━━━ LISTED RECORDS

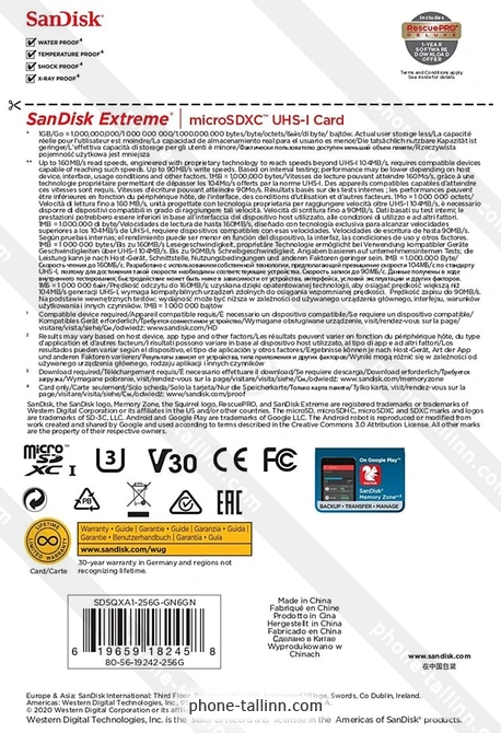 SanDisk Extreme microSDXC SDSQXA1-256G-GN6GN 256GB, ТаллинБренд: SanDisk Осенняя скидка 2025 г.: 15%, экономия: 5 €
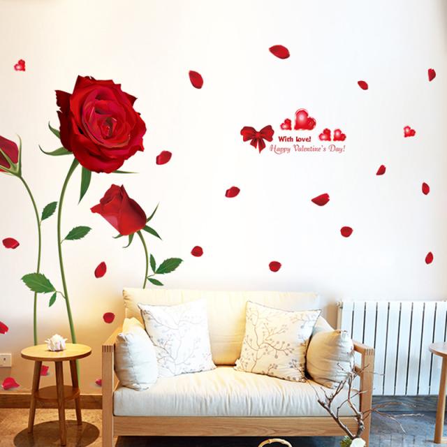 レッドローズパターンウォールデカール壁画リムーバブルフラワーステッカーアートバレンタインデーDIYのホームデコレーション
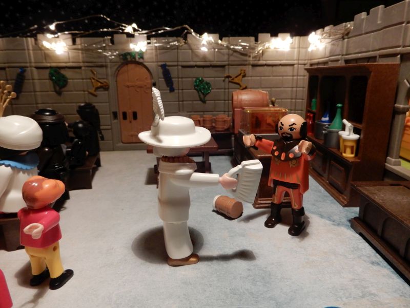 Dem Barkeeper ist es tatsächlich gelungen, einen Stuhl aufzutreiben, der Mons' Ansprüchen genügt. Als er ihr auch noch ein Getränk serviert, ist sie wieder gnädiger gestimmt.
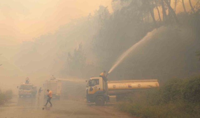 Suriye'nin Lazkiye ilinde çıkan orman yangınlarında itfaiye erleri alevlerin arasında kaldı.
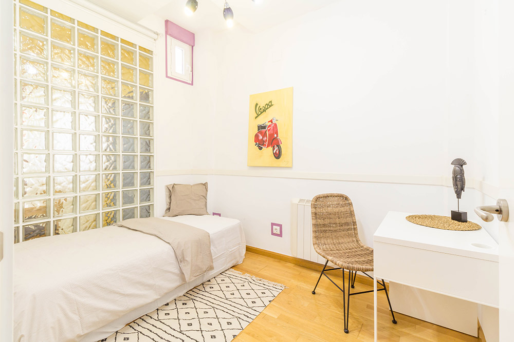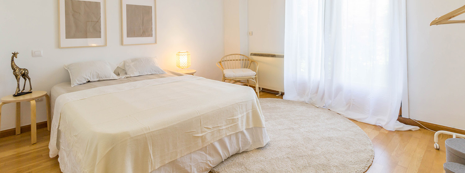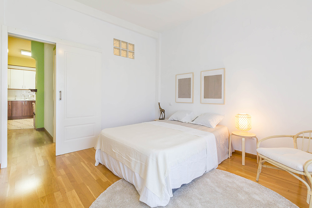 En cuanto a los dormitorios, de nuevo la primera tarea fue pintar de blanco paredes que estaban pintadas de colores, para de esta manera resaltar mejor la amplitud de las estancias que además tienen techos altos. Vestir los dormitorios con camas, ropa de cama, alfombras, decoración… grandes cortinas que vistan los grandes balconadas de la vivienda.
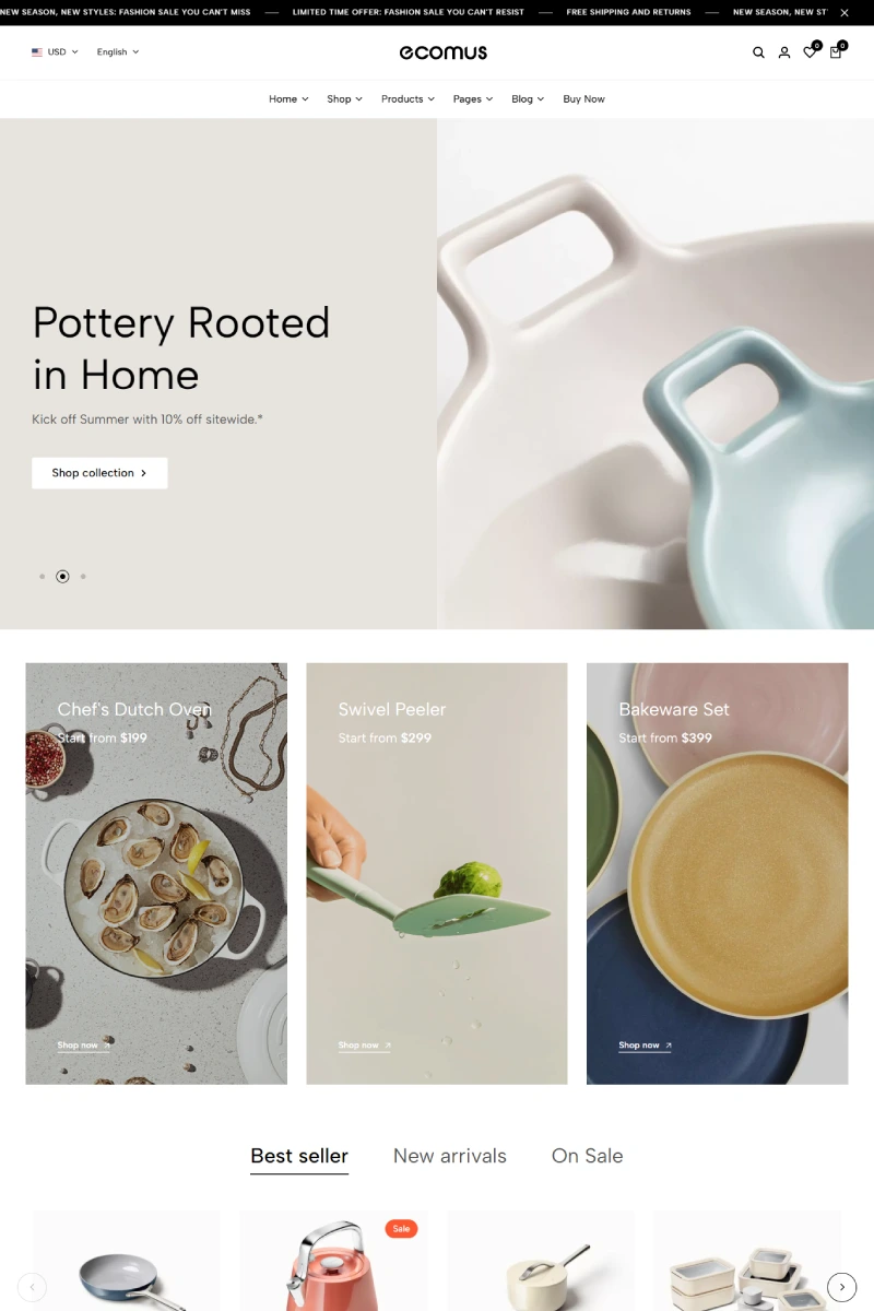 The Ecomus is a versatile eCommerce template designed for businesses across various industries, from fashion and electronics to outdoor and lifestyle products.
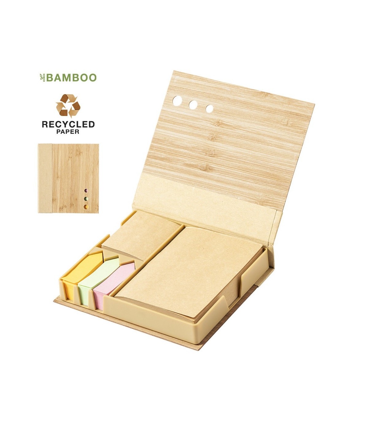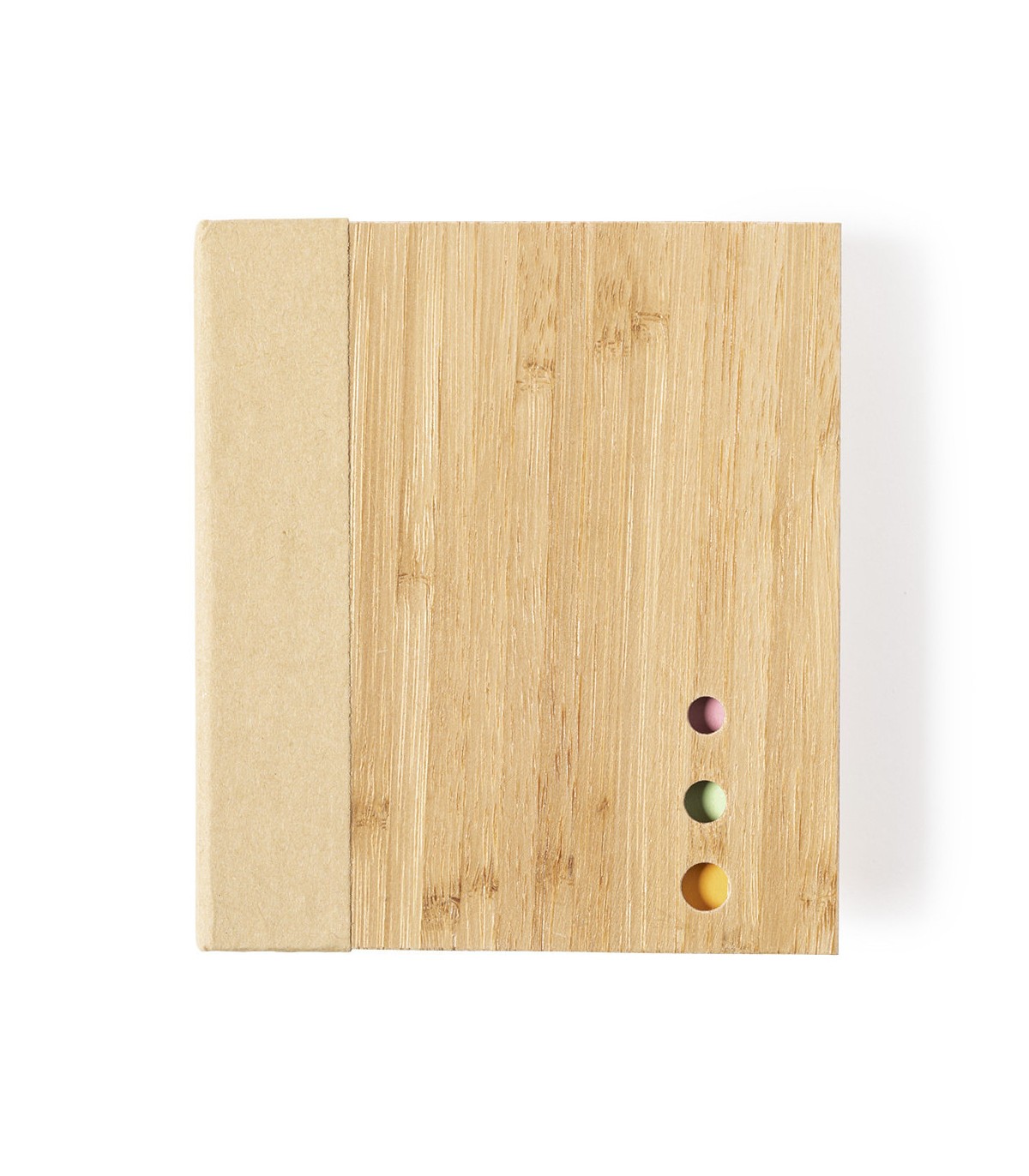 Portanotas personalizados de linea nature con tapas rígidas de bambú. Con 115 hojas adhesivas de acabado kraft, 115 hojas adhesivas medianas y 420 mini notas adhesivas.

━━━━━━

- ASSIGNED TASK:
Your task is to reproduce exactly the lines from the start of the data above through the line containing "En cuanto a", leaving every picture out.

- EXERCISE ANSWER:
 SanDisk Extreme microSDXC SDSQXA1-256G-GN6GN 256GB, ТаллинБренд: SanDisk Осенняя скидка 2025 г.: 15%, экономия: 5 €
 レッドローズパターンウォールデカール壁画リムーバブルフラワーステッカーアートバレンタインデーDIYのホームデコレーション
 Dem Barkeeper ist es tatsächlich gelungen, einen Stuhl aufzutreiben, der Mons' Ansprüchen genügt. Als er ihr auch noch ein Getränk serviert, ist sie wieder gnädiger gestimmt.
 Suriye'nin Lazkiye ilinde çıkan orman yangınlarında itfaiye erleri alevlerin arasında kaldı.
 En cuanto a los dormitorios, de nuevo la primera tarea fue pintar de blanco paredes que estaban pintadas de colores, para de esta manera resaltar mejor la amplitud de las estancias que además tienen techos altos. Vestir los dormitorios con camas, ropa de cama, alfombras, decoración… grandes cortinas que vistan los grandes balconadas de la vivienda.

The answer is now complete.